# How to specify the doc format?



## fender0107401 (Aug 27, 2009)

Hi all:

Which variable should be set in the /etc/make.conf to specify the doc format(I mean cd /usr/doc; make install)?

1.Accoring to make.conf(5):



> PRINTERDEVICE  (str) The default format for system documentation, depends on your printer. This can be set to ``ascii'' for simple printers, or ``ps'' for postscript or graphics printers with a ghostscript filter, or both.

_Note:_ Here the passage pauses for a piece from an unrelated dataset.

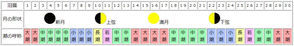 昔から海を生活の場としてきた漁師さんや、海で釣りをする人の間では、潮の満ち引きの大きさなどの状態を表現する用語として、大潮・中潮・小潮・長潮・若潮と言う言葉が良く用いられています。 潮の干満は、月や太陽などの引力によって引き起こされるものです。特に地球に一番近い距離にある「月」の運動が潮の干満に大きく影響しています。この「月」を基準として作られた暦の「旧暦」と「新月」や「満月」等の「月の形状」を基準として、大潮・中潮・小潮・長潮・若潮の用語の区分けをすると次のようになります。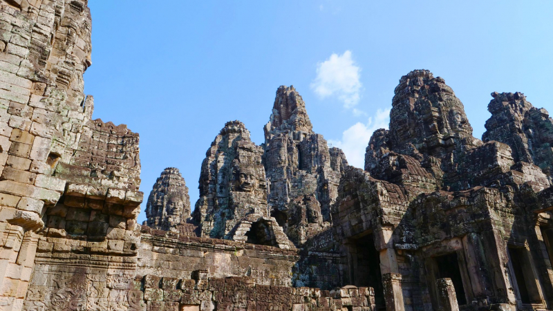 - Have a glimpse of the Bayon temple’s distinctive bas-relief carving architecture

Seems should be PRINTERDEVICE.

2.Accoring to the Handbook 24.4.4:


> The updating and build system of the FreeBSD documentation supports a few options that ease the process of updating only parts of the documentation, or the build of specific translations. These options can be set either as system-wide options in the /etc/make.conf file, or as command-line options passed to the make(1) utility.
> 
> The following options are some of these:
> DOC_LANG    The list of languages and encodings to build and install, e.g. en_US.ISO8859-1 for the English documentation only.
> ...



Seems should be FORMATS.

3.According to the /usr/doc/share/mk/doc.project.mk:



> DOCFORMAT       Format of the document.  Defaults to docbook. docbook is also the only option currently.



Seems should be DOCFORMAT.

So which one is right? 

I know the handbook is always right, but the doc.project.mk is also dependable. 

In my old setting I just set the "DOC_LANG=en_US.ISO8859-1" in the /etc/make.conf, and when I run "cd /usr/doc; make install" the system will compile a "html-split" version doc and install it to /usr/share/doc directory.

Seems the default format seeting is "html-split".

This is fine enough, I have not the printer, I don't need the pdf or other format, and I know maybe I can't produce other format because I installed "textproc/docproj-nojadetex" instead of "textproc/docproj".

I just want exactly specify the doc format to html-split. 

Another question: which format can be produced be "textproc/docproj-nojadetex" and which format can be produced be "textproc/docproj"?


----------



## fender0107401 (Aug 27, 2009)

I must say sorry, because I don't read the Handbook and the Makefile carefully.

I should add FORMATS=something in my make.conf.


----------